***** SOURCE RECORDS
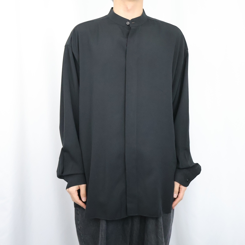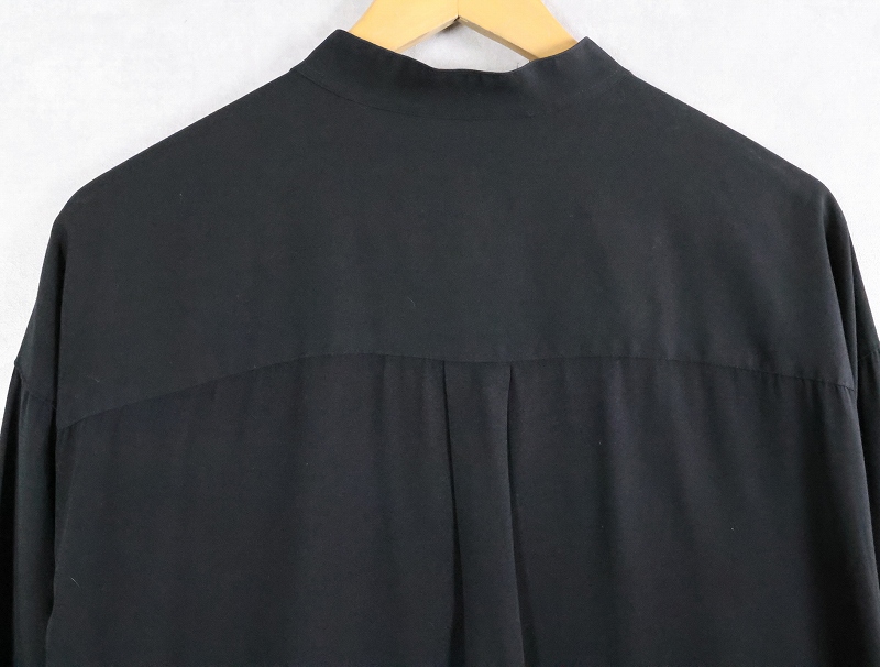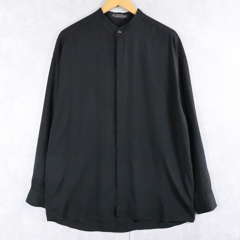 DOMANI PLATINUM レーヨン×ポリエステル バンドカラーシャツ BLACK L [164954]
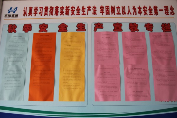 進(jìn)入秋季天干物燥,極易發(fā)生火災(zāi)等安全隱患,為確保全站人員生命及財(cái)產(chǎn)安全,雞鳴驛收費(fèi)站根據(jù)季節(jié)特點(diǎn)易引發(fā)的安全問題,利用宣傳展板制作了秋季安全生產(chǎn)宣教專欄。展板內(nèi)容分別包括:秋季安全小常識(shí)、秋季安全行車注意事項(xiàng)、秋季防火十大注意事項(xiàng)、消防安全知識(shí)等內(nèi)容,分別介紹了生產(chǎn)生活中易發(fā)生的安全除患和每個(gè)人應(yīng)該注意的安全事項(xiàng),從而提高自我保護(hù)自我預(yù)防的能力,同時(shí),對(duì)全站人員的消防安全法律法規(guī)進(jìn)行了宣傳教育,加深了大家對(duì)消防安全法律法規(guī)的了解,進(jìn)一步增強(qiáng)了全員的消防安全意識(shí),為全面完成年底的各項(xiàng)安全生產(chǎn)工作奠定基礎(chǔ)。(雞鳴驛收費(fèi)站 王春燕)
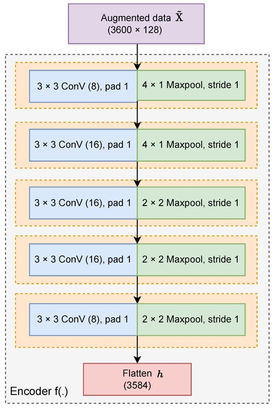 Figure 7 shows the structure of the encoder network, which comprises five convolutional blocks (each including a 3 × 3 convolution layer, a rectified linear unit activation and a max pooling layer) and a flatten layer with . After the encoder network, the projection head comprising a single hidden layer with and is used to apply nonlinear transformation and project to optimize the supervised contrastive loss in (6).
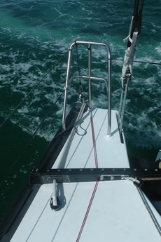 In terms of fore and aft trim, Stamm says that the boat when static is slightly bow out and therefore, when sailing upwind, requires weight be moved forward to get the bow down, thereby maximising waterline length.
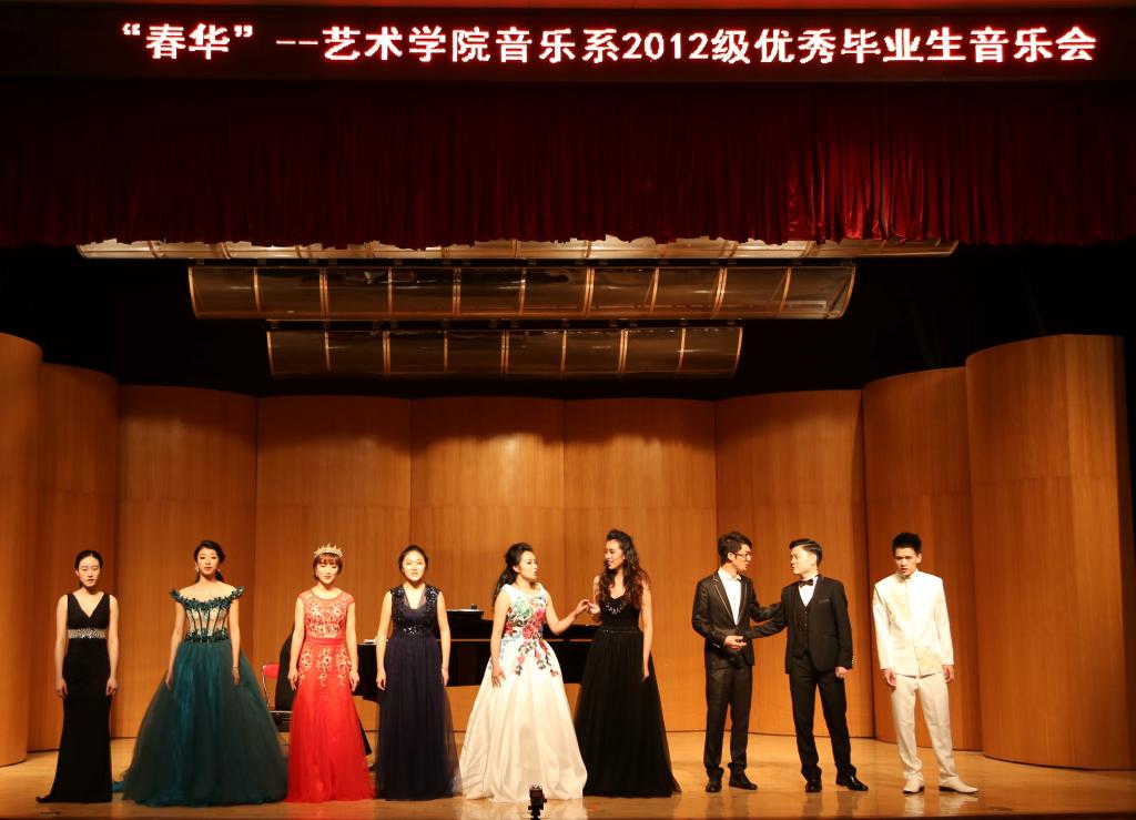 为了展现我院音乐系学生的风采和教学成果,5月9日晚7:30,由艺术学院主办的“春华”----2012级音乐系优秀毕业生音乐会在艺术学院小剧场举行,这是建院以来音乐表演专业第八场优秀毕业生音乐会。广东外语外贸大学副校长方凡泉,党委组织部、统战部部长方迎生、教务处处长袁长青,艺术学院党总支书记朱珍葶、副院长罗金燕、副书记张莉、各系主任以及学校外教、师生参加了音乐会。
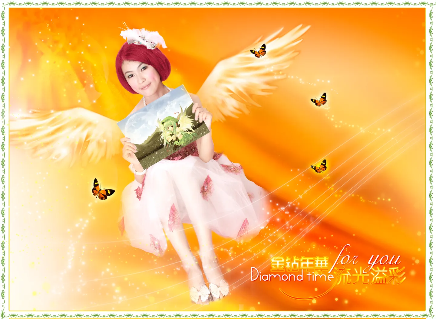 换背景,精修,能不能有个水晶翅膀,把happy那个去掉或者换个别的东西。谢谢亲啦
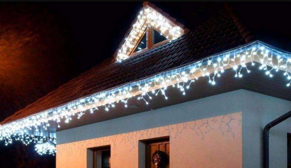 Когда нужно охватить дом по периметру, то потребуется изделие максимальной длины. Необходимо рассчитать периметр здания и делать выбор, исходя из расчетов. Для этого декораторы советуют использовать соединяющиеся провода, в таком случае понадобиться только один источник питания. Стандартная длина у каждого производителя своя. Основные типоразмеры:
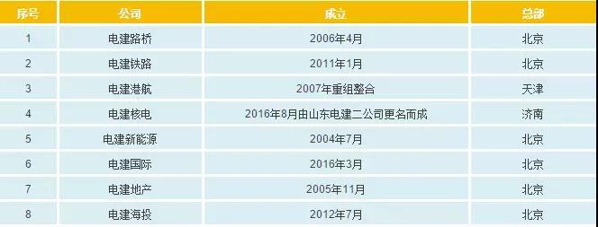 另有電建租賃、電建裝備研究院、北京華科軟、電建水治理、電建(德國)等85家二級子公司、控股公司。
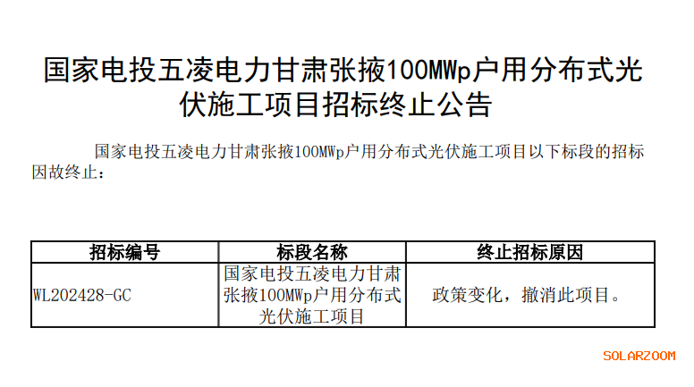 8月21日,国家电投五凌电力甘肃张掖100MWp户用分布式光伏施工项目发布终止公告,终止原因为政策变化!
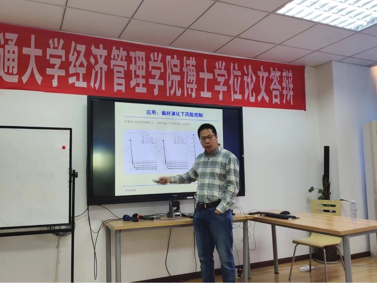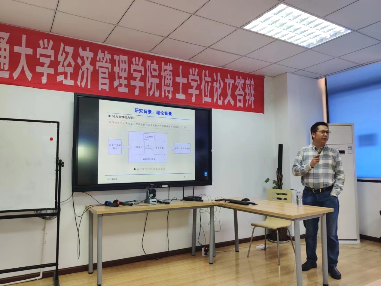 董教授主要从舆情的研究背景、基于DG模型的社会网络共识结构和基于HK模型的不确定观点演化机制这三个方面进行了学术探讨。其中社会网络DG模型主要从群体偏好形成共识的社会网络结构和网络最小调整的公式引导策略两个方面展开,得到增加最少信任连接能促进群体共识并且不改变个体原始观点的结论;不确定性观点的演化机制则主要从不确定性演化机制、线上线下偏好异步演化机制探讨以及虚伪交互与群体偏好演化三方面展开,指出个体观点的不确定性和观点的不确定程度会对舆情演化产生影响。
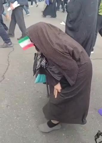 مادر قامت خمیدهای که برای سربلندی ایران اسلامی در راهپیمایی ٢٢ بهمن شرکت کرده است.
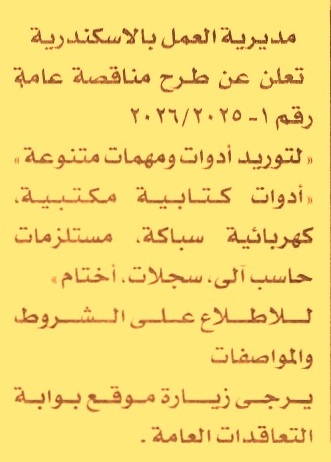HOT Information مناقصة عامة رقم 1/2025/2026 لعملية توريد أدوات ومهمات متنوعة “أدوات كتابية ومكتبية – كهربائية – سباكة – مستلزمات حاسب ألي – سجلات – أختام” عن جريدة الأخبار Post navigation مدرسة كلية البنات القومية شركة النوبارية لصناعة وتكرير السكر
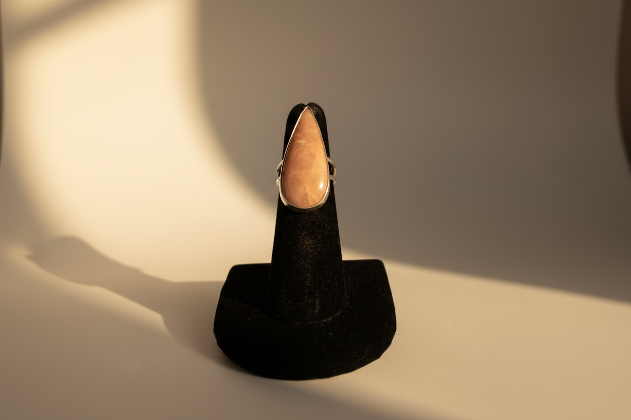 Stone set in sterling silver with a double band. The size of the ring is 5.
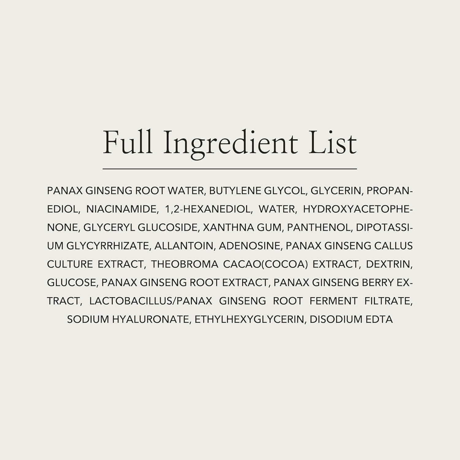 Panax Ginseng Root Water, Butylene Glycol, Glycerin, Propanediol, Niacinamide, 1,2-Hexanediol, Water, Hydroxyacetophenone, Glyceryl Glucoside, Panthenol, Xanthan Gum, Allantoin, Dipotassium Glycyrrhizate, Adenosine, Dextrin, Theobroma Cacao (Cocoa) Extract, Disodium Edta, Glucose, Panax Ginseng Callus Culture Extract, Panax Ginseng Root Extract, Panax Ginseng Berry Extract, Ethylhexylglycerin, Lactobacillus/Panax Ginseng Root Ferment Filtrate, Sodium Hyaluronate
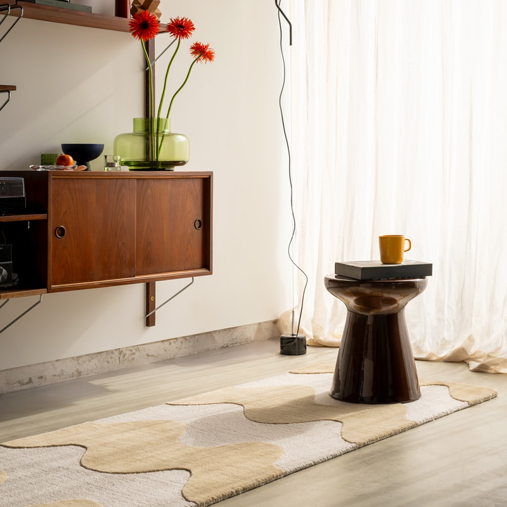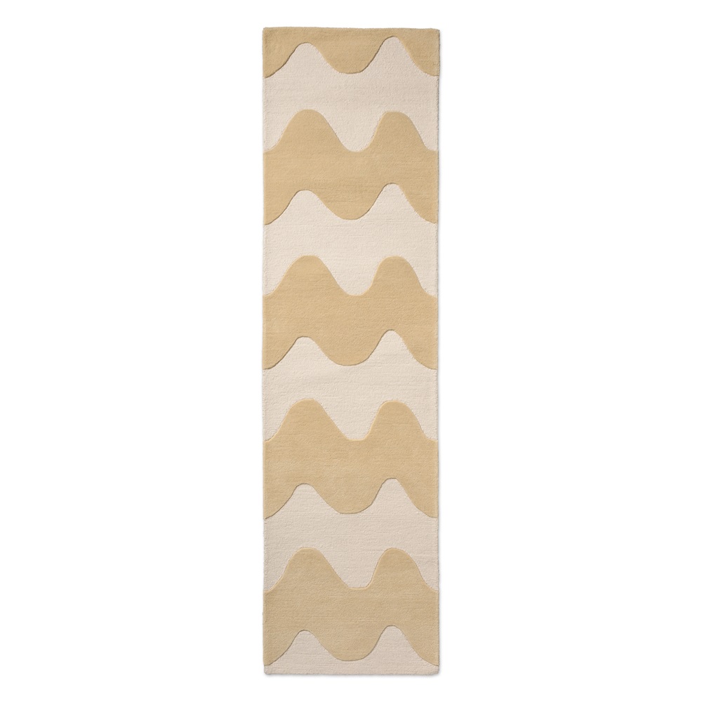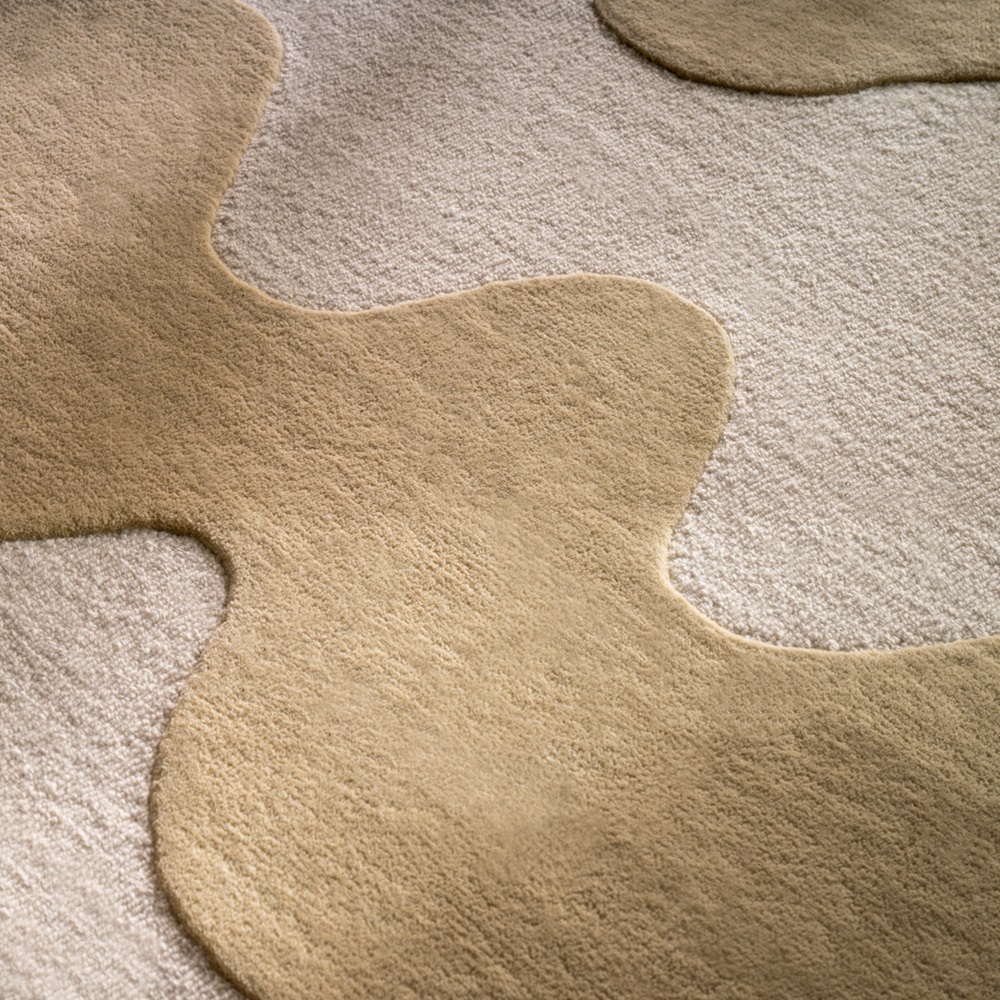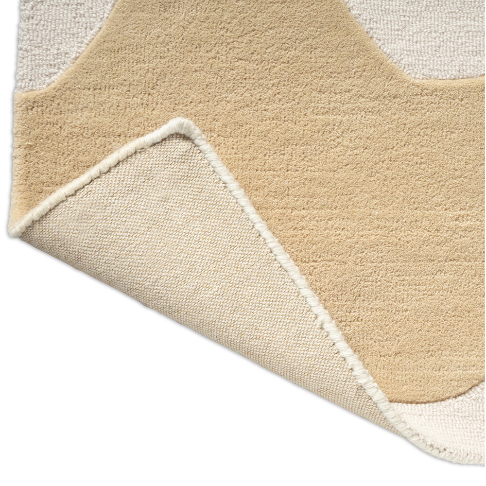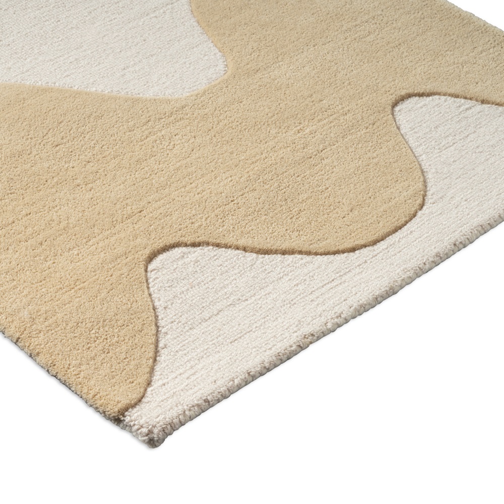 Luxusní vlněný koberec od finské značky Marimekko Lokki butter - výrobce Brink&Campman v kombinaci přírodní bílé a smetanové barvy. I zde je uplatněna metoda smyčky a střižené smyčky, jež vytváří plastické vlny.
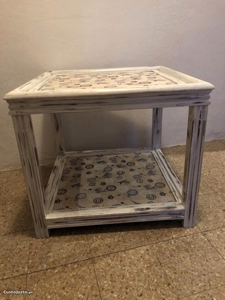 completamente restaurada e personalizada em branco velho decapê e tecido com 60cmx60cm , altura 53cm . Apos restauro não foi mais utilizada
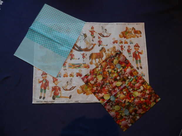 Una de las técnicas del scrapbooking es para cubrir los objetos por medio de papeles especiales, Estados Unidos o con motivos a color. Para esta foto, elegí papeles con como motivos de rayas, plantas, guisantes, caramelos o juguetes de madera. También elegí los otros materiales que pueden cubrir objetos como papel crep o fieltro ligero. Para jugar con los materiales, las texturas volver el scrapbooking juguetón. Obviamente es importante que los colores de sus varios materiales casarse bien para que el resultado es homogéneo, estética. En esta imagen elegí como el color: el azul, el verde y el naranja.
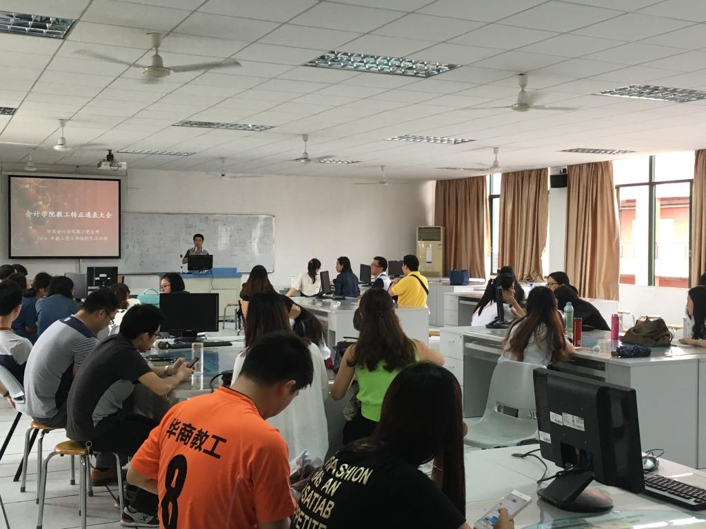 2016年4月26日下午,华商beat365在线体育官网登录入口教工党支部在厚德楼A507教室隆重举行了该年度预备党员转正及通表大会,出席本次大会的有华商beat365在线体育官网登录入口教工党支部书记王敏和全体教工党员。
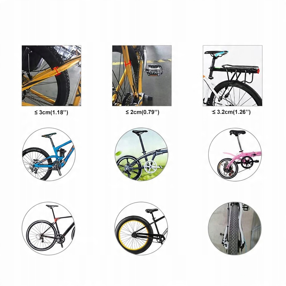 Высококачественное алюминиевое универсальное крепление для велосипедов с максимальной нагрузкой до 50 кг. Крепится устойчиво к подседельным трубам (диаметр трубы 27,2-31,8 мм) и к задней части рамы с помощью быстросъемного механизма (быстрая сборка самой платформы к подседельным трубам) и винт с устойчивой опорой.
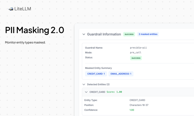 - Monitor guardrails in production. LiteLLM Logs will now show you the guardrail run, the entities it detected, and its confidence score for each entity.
**********
Copy out every entry above exactly. Leave the pictures out.

## [OUTPUT FOR THIS EXERCISE]
 DOMANI PLATINUM レーヨン×ポリエステル バンドカラーシャツ BLACK L [164954]
 進(jìn)入秋季天干物燥,極易發(fā)生火災(zāi)等安全隱患,為確保全站人員生命及財(cái)產(chǎn)安全,雞鳴驛收費(fèi)站根據(jù)季節(jié)特點(diǎn)易引發(fā)的安全問題,利用宣傳展板制作了秋季安全生產(chǎn)宣教專欄。展板內(nèi)容分別包括:秋季安全小常識(shí)、秋季安全行車注意事項(xiàng)、秋季防火十大注意事項(xiàng)、消防安全知識(shí)等內(nèi)容,分別介紹了生產(chǎn)生活中易發(fā)生的安全除患和每個(gè)人應(yīng)該注意的安全事項(xiàng),從而提高自我保護(hù)自我預(yù)防的能力,同時(shí),對(duì)全站人員的消防安全法律法規(guī)進(jìn)行了宣傳教育,加深了大家對(duì)消防安全法律法規(guī)的了解,進(jìn)一步增強(qiáng)了全員的消防安全意識(shí),為全面完成年底的各項(xiàng)安全生產(chǎn)工作奠定基礎(chǔ)。(雞鳴驛收費(fèi)站 王春燕)
 Figure 7 shows the structure of the encoder network, which comprises five convolutional blocks (each including a 3 × 3 convolution layer, a rectified linear unit activation and a max pooling layer) and a flatten layer with . After the encoder network, the projection head comprising a single hidden layer with and is used to apply nonlinear transformation and project to optimize the supervised contrastive loss in (6).
 In terms of fore and aft trim, Stamm says that the boat when static is slightly bow out and therefore, when sailing upwind, requires weight be moved forward to get the bow down, thereby maximising waterline length.
 为了展现我院音乐系学生的风采和教学成果,5月9日晚7:30,由艺术学院主办的“春华”----2012级音乐系优秀毕业生音乐会在艺术学院小剧场举行,这是建院以来音乐表演专业第八场优秀毕业生音乐会。广东外语外贸大学副校长方凡泉,党委组织部、统战部部长方迎生、教务处处长袁长青,艺术学院党总支书记朱珍葶、副院长罗金燕、副书记张莉、各系主任以及学校外教、师生参加了音乐会。
 换背景,精修,能不能有个水晶翅膀,把happy那个去掉或者换个别的东西。谢谢亲啦
 Когда нужно охватить дом по периметру, то потребуется изделие максимальной длины. Необходимо рассчитать периметр здания и делать выбор, исходя из расчетов. Для этого декораторы советуют использовать соединяющиеся провода, в таком случае понадобиться только один источник питания. Стандартная длина у каждого производителя своя. Основные типоразмеры:
 另有電建租賃、電建裝備研究院、北京華科軟、電建水治理、電建(德國)等85家二級子公司、控股公司。
 8月21日,国家电投五凌电力甘肃张掖100MWp户用分布式光伏施工项目发布终止公告,终止原因为政策变化!
 董教授主要从舆情的研究背景、基于DG模型的社会网络共识结构和基于HK模型的不确定观点演化机制这三个方面进行了学术探讨。其中社会网络DG模型主要从群体偏好形成共识的社会网络结构和网络最小调整的公式引导策略两个方面展开,得到增加最少信任连接能促进群体共识并且不改变个体原始观点的结论;不确定性观点的演化机制则主要从不确定性演化机制、线上线下偏好异步演化机制探讨以及虚伪交互与群体偏好演化三方面展开,指出个体观点的不确定性和观点的不确定程度会对舆情演化产生影响。
 مادر قامت خمیدهای که برای سربلندی ایران اسلامی در راهپیمایی ٢٢ بهمن شرکت کرده است.
HOT Information مناقصة عامة رقم 1/2025/2026 لعملية توريد أدوات ومهمات متنوعة “أدوات كتابية ومكتبية – كهربائية – سباكة – مستلزمات حاسب ألي – سجلات – أختام” عن جريدة الأخبار Post navigation مدرسة كلية البنات القومية شركة النوبارية لصناعة وتكرير السكر
 Stone set in sterling silver with a double band. The size of the ring is 5.
 Panax Ginseng Root Water, Butylene Glycol, Glycerin, Propanediol, Niacinamide, 1,2-Hexanediol, Water, Hydroxyacetophenone, Glyceryl Glucoside, Panthenol, Xanthan Gum, Allantoin, Dipotassium Glycyrrhizate, Adenosine, Dextrin, Theobroma Cacao (Cocoa) Extract, Disodium Edta, Glucose, Panax Ginseng Callus Culture Extract, Panax Ginseng Root Extract, Panax Ginseng Berry Extract, Ethylhexylglycerin, Lactobacillus/Panax Ginseng Root Ferment Filtrate, Sodium Hyaluronate
 Luxusní vlněný koberec od finské značky Marimekko Lokki butter - výrobce Brink&Campman v kombinaci přírodní bílé a smetanové barvy. I zde je uplatněna metoda smyčky a střižené smyčky, jež vytváří plastické vlny.
 completamente restaurada e personalizada em branco velho decapê e tecido com 60cmx60cm , altura 53cm . Apos restauro não foi mais utilizada
 Una de las técnicas del scrapbooking es para cubrir los objetos por medio de papeles especiales, Estados Unidos o con motivos a color. Para esta foto, elegí papeles con como motivos de rayas, plantas, guisantes, caramelos o juguetes de madera. También elegí los otros materiales que pueden cubrir objetos como papel crep o fieltro ligero. Para jugar con los materiales, las texturas volver el scrapbooking juguetón. Obviamente es importante que los colores de sus varios materiales casarse bien para que el resultado es homogéneo, estética. En esta imagen elegí como el color: el azul, el verde y el naranja.
 2016年4月26日下午,华商beat365在线体育官网登录入口教工党支部在厚德楼A507教室隆重举行了该年度预备党员转正及通表大会,出席本次大会的有华商beat365在线体育官网登录入口教工党支部书记王敏和全体教工党员。
 Высококачественное алюминиевое универсальное крепление для велосипедов с максимальной нагрузкой до 50 кг. Крепится устойчиво к подседельным трубам (диаметр трубы 27,2-31,8 мм) и к задней части рамы с помощью быстросъемного механизма (быстрая сборка самой платформы к подседельным трубам) и винт с устойчивой опорой.
 - Monitor guardrails in production. LiteLLM Logs will now show you the guardrail run, the entities it detected, and its confidence score for each entity.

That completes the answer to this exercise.